— Task prompt —
Below, find the line containing "Участие депутатов Фракции"; from there to the final line, print every line exactly and skip the pictures.

— Records to use —
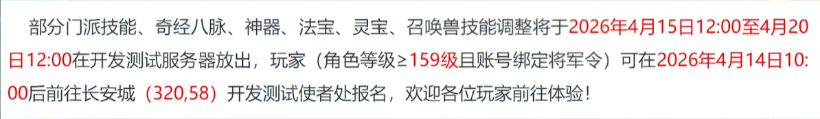 这次应该会有召唤兽技能调整,大家也可以关注一下。目前的报名条件还是和之前一样,角色等级≥159级且账号绑定将军令,就可以前往长安城(320,58)开发测试使者处报名。
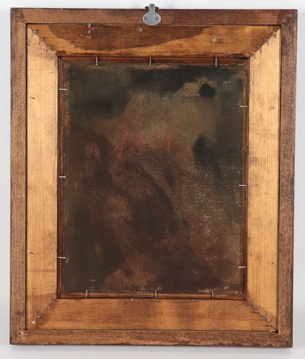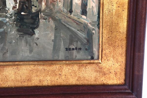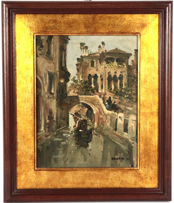 Signed. "Calle a Venezia con gondoliere", small oil painting on canvas in walnut frame and gilded wood passepartout
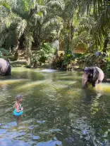 Отличная, лёгкая экскурсия! Пообщались со слонами. Если боитесь высоты, на слонах возможно будет не комфортно, но можно на них не кататься, за то потом покормить их и покупаться с ними. Прокатились на бамбуковых плотах, есть возможность самому порулить плотом. Лёгкий обед. Посетили водопад. Прохладная водичка с рыбками.
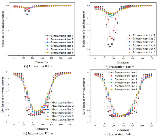 Figure 13 shows the amount of overburden subsidence in coal seam mining in numerical simulation. It can be seen from the figure that the numerical simulation results are basically the same as the results of similar simulation tests. When the working face advances to the first 160 m, the rock layer where survey line 1 is located has not collapsed fully, resulting in a “V”-shaped settlement. When the working face advances to 240 m, the amount of subsidence of survey line 1 increases, and the settlement shape changes from a “V” shape to an irregular “U” shape. When the working face advances to 320 m, the rock layers where survey lines 4, 5, and 6 are located all sink to varying degrees, and the settlement shape of all rock layers changes from a “V” shape to an irregular “U” shape. At this time, the overburden has sunk to create contact with the gangue and enters the compaction stage. When the working face continues to advance to 440 m, the rock layers where each survey line is located reach the maximum subsidence value.
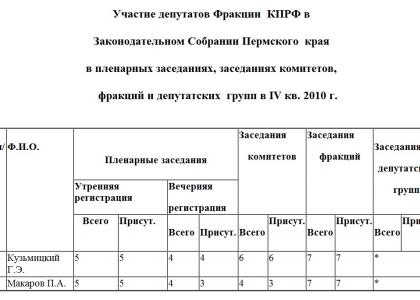 Участие депутатов Фракции КПРФ в Законодательном Собрании Пермского края в пленарных заседаниях, заседаниях комитетов, фракций и депутатских групп в IV кв. 2010 г.
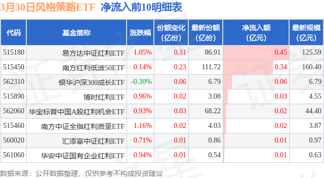 当日有8只风格策略ETF基金出现资金净流入,其中净流入排首位的是易方达中证红利ETF(515180),份额增加了3100.0万份,净流入额为4463.3万元。

— Task solution —
 Участие депутатов Фракции КПРФ в Законодательном Собрании Пермского края в пленарных заседаниях, заседаниях комитетов, фракций и депутатских групп в IV кв. 2010 г.
 当日有8只风格策略ETF基金出现资金净流入,其中净流入排首位的是易方达中证红利ETF(515180),份额增加了3100.0万份,净流入额为4463.3万元。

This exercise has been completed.